Stages of Aging

Aging is something we all have to do and it’s been happening since the dawn of mankind. While each person is unique, the stages of aging are pretty much the same. They’ll come at different ages, but they’ll still come. Blue Moon Senior Counseling lays out when in five different stages.

Being Self-Sufficient

According to Blue Moon, “The first stage in the aging process is self-sufficiency. At this point, the senior is entirely self-reliant. They live independently and can complete their activities of daily living with ease. Tasks like running errands, cleaning around the house, and bathing don’t cause any serious difficulties or safety issues. At this stage, family members should encourage their loved one to continue with their healthy habits in order to maintain their independence. This includes eating well, getting regular exercise, and socializing with friends and family. It’s also important for the senior to arrange for their future needs later in the aging process. Older adults may struggle to make decisions regarding their care when they’re experiencing cognitive decline.”

Needing Some Help

Next up the stage called interdependence. This one is noted to include a period where one might need home modification measures so that they can continue the aging process in place. For example, they may need to install a stair lift or railings in the shower. They may not be able to drive safely, so they’ll require transportation to run errands or attend events. Certain cooking and cleaning tasks might become difficult, too, especially if your loved one has arthritis or other chronic health conditions.

Full Dependence

After that is a stage of full dependence. This is when an older person requires full time care because they simply can’t live by themselves any longer. The person can live in an assisted care facility or at home with major modifications and care.

Crisis Stage

Once the next to last stage hits, this is when your loved one needs immediate medical support. They must either live in a skilled nursing facility or receive extensive professional care at home.
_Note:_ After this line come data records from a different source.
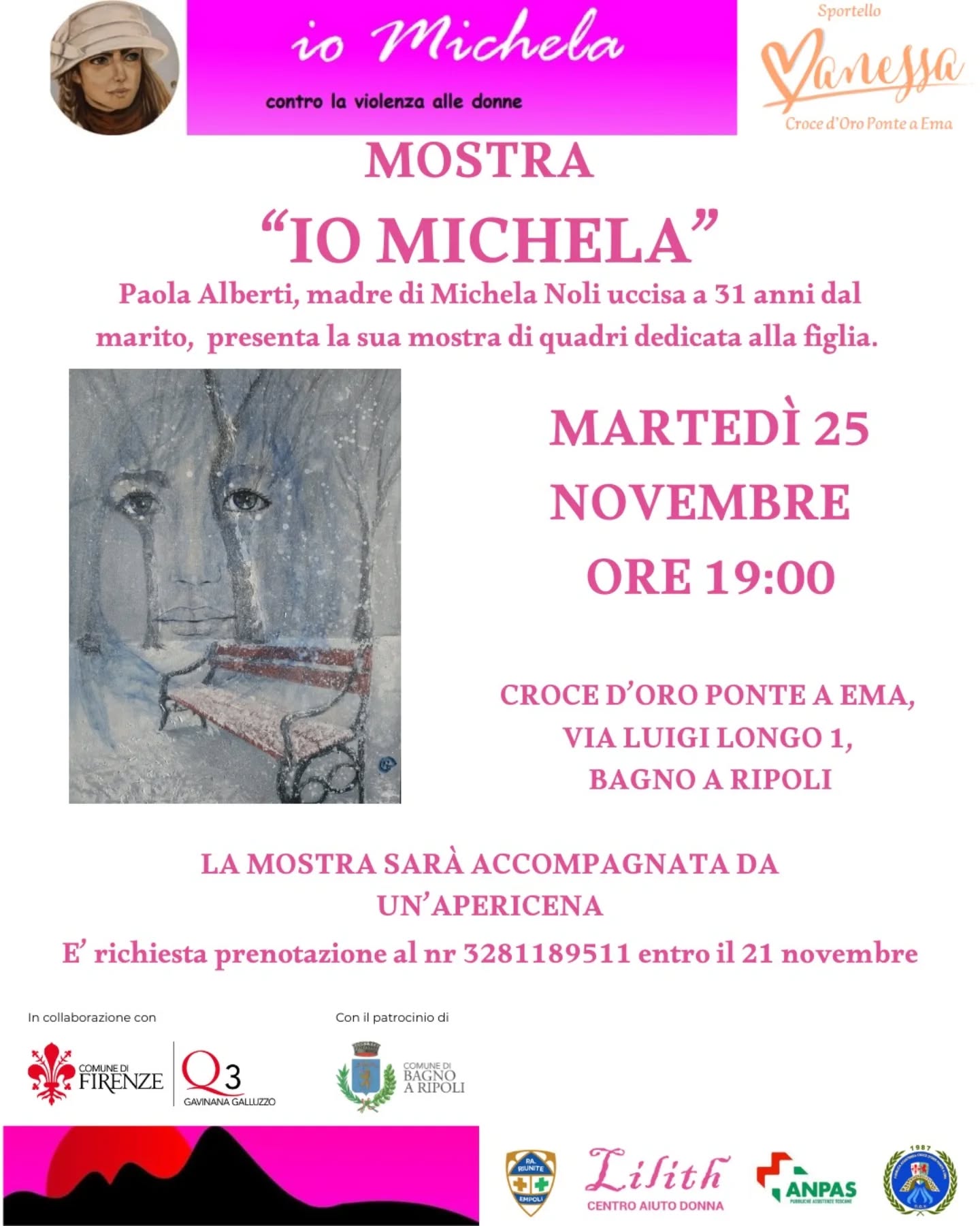 L’arte come denuncia, memoria, impegno contro ogni violenza. Accade con la mostra “Io Michela”, raccolta di opere di Paola Alberti, mamma di Michela Noli, la giovane trucidata nel 2016, a soli 31 anni, dall’ex marito nel quartiere dell’Isolotto, a pochi passi da casa. Attraverso le sue opere, Paola mantiene vivo il ricordo della figlia, per dire basta ai femminicidi (vedi articolo). La mostra, martedì 25 novembre, sarà visitabile nei locali dello Sportello Vanessa, presso la sede della Croce d’Oro di Ponte a Ema. L’iniziativa, che si svolge con il patrocinio del Comune, sarà accompagnata da un apericena. Prenotazioni al 3281189511. Appuntamento alle ore 19.00 in via Luigi Longo 1, Ponte a Ema.
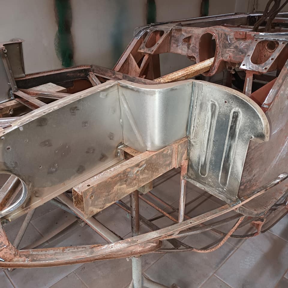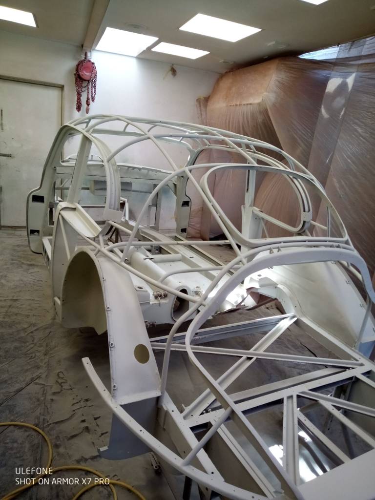 Bought as a parts car and box of bits, we’ve been gradually collecting all the pieces together. Bodywork is drawing to a close, approaching final paint before the real challenge – putting it all back together again.
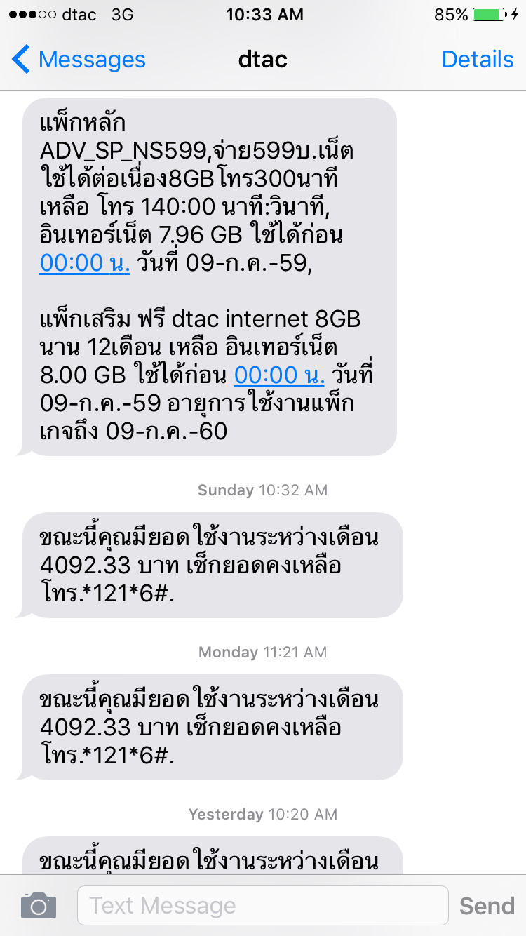 ตอนนี้ผมงงครับ เพราะได้รับ sms จาก dtac ว่ามียอดใช้งานระหว่างเดือน 4092.33 บาท
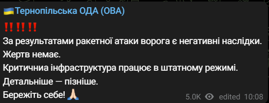 В Тернопольской области также "негативные последствия" после атаки, сообщает ОВА.
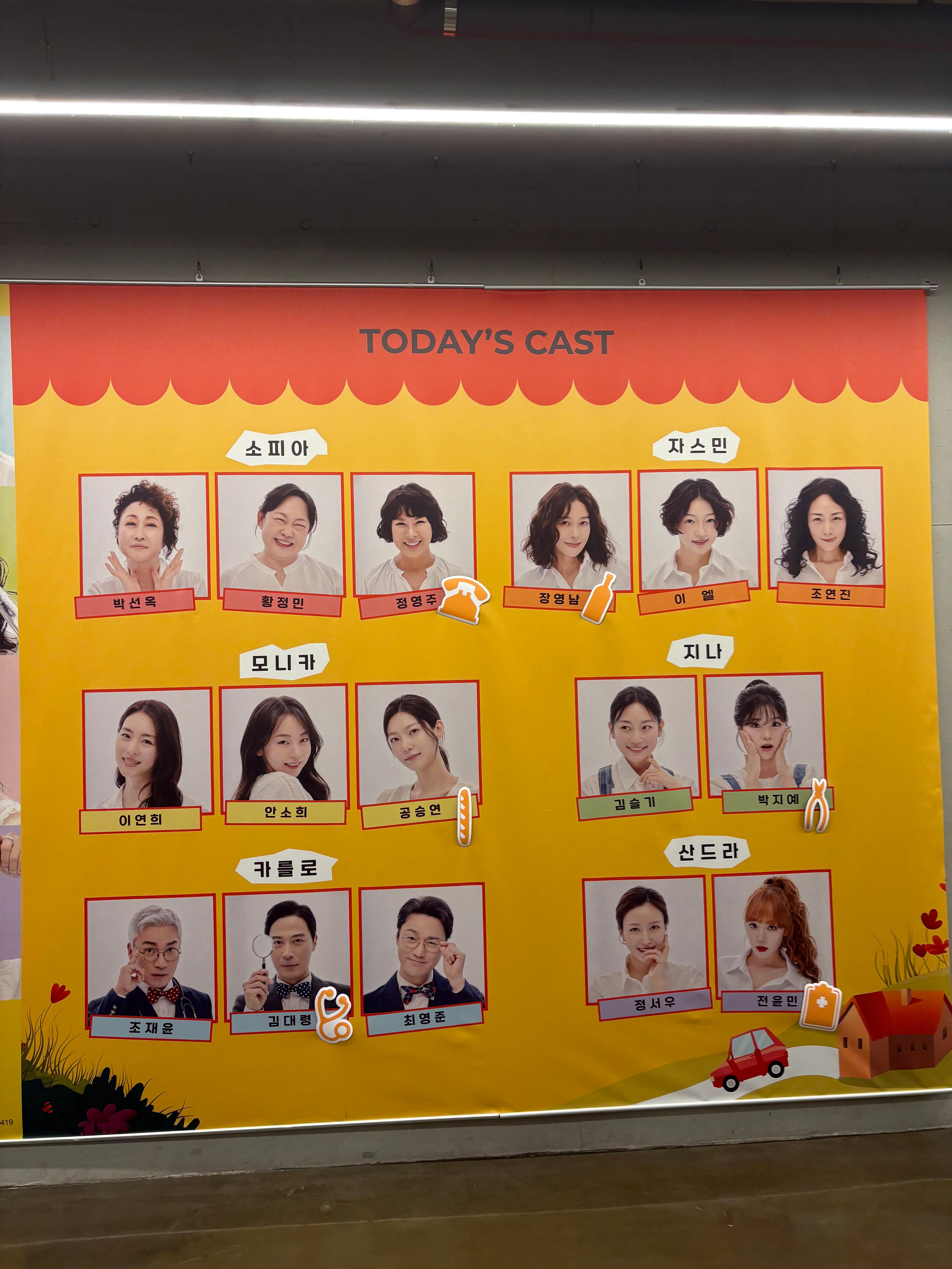 장진 감독이 연출을 하기도 했고 나오는 분들도 꽤 유명하신 분들이 많아서 그런지 공연장도 연극공연장같지 않게 컸다. 그리고 거의 모든 좌석이 꽉 차있었다. 이것이 티켓 파워인가. 나의 경우에는 애초에 자스민 역의 장영남 배우님을 정한 후 다른 캐스팅과 일정을 맞춘 것이었다. 소피아를 맡으신 배우님들은 (내 개인적 생각이지만) 크게 고려하지 않았는데 저정도 연배인데 계속 연극판에서 살아남아계시다면 누가 하시든 각자의 매력이 있을 것이라고 생각했다. 모니카의 경우는 이연희 배우님과 안소희 배우님(?)(아이돌이셨던 것 같은데 이제 배우신건가)의 연기를 좋은 평을 들었던 적이 없는 것 같아 공승연 배우님으로 선택했었다. 지나 역은 선택지가 많지 않았는데 그냥 장영남 픽으로 되는 날짜를 고르니 박지예 배우님이셨어... (결과적으로 매우 즐거웠던 조합이었다. )
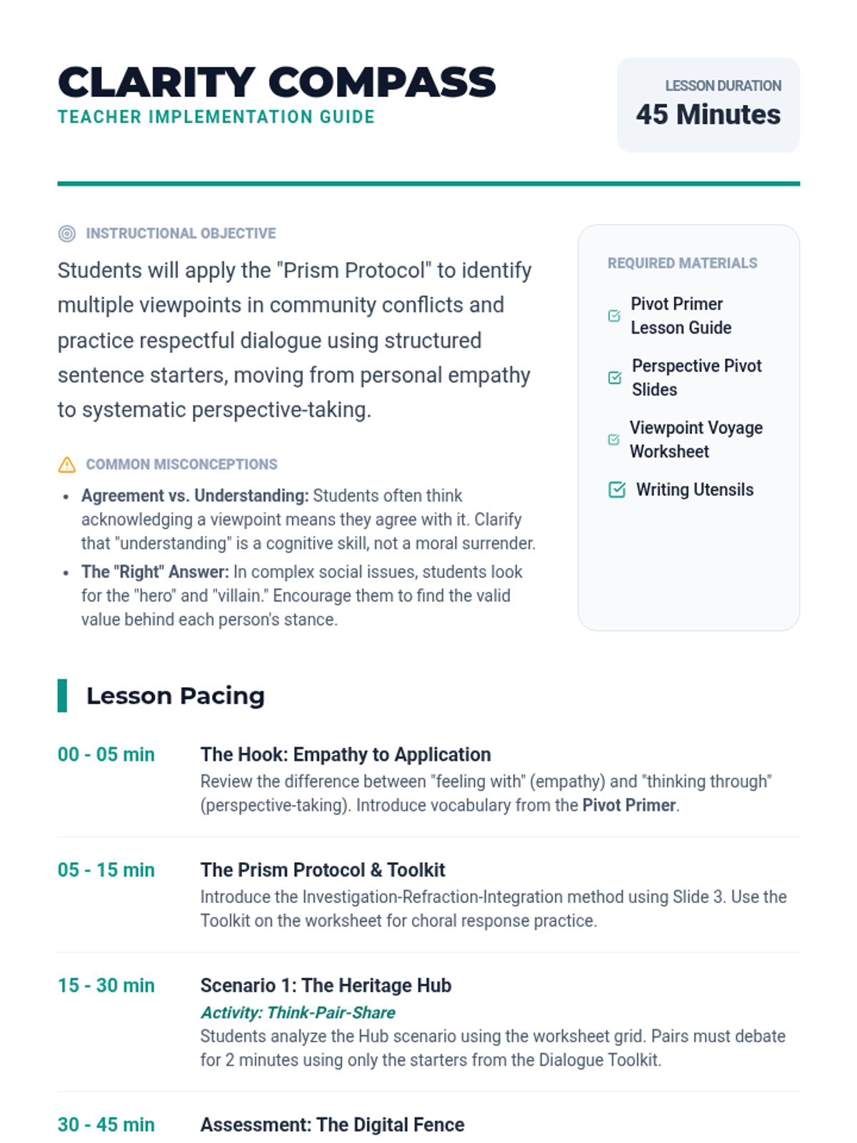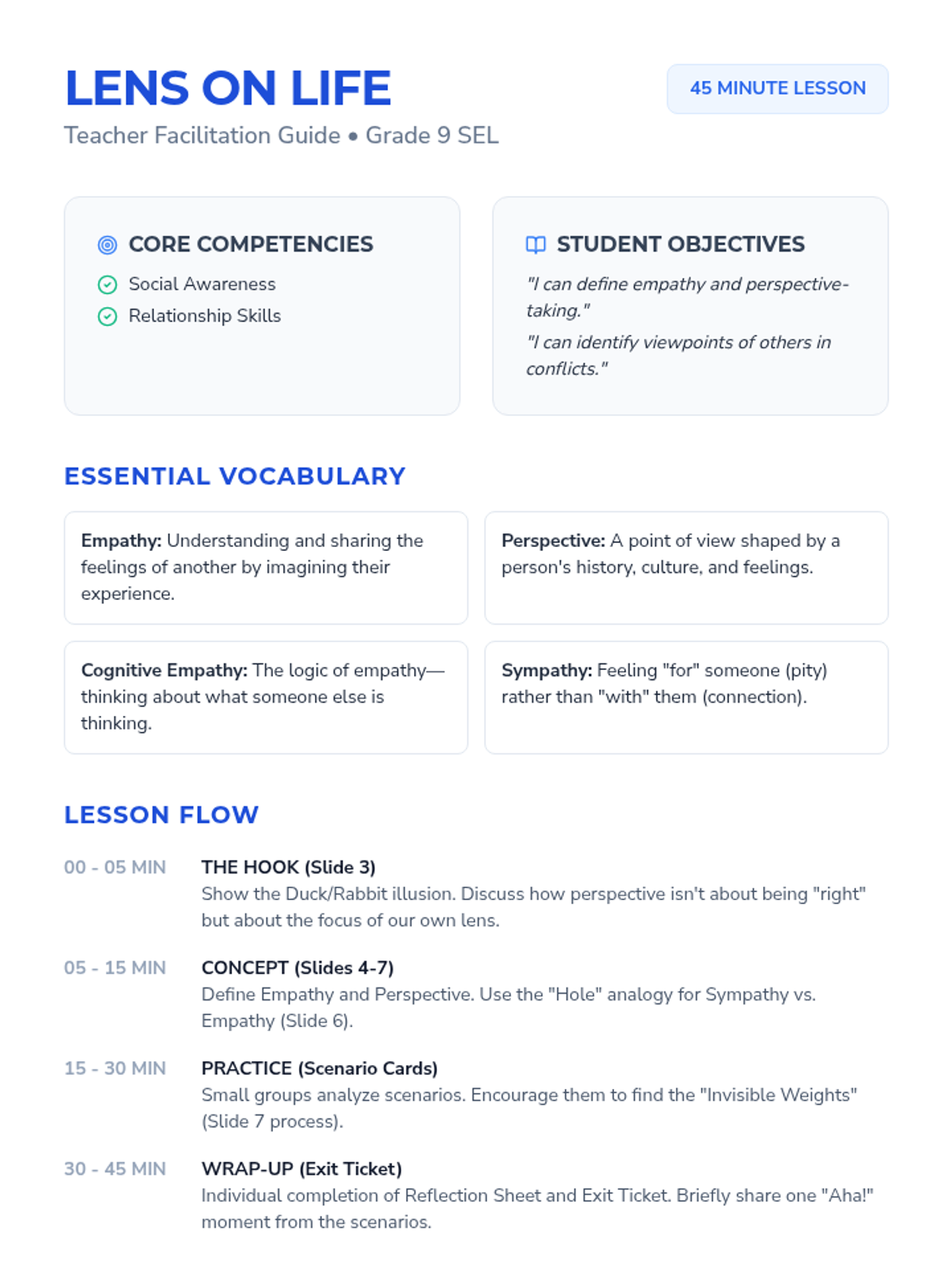 A comprehensive 45-minute lesson guide for teachers, including core competencies, student-friendly objectives, key vocabulary definitions, a detailed pacing guide, and differentiation strategies for Grade 9 SEL.

Sometimes, this care is necessary because of physical ailments. Other times, the senior requires memory care due to Alzheimer’s or dementia. There’s no way to tell how long this stage will last, but it’s the time when you should start saying your goodbyes. It can be anticipated, or it can come as a surprise, but it will come.

End of Life

Finally, you and all of your loved ones will reach the final stage. This is the end of the road and the final curtain call. We all experience it at some point, and no one knows what happens next. Accepting the end of life can be profoundly difficult for an individual and for their family. This is often a spiritual experience, but everyone’s attitudes toward the process are different. Family members may have to make complex and painful medical decisions, which can cause severe emotional turmoil. The end of life doesn’t have to be entirely negative, though. What’s most important is that your loved one knows they are cherished and appreciated and that their memory will live on in your family. As Shakespeare said in Merchant of Venice, “Speak me fair in death.”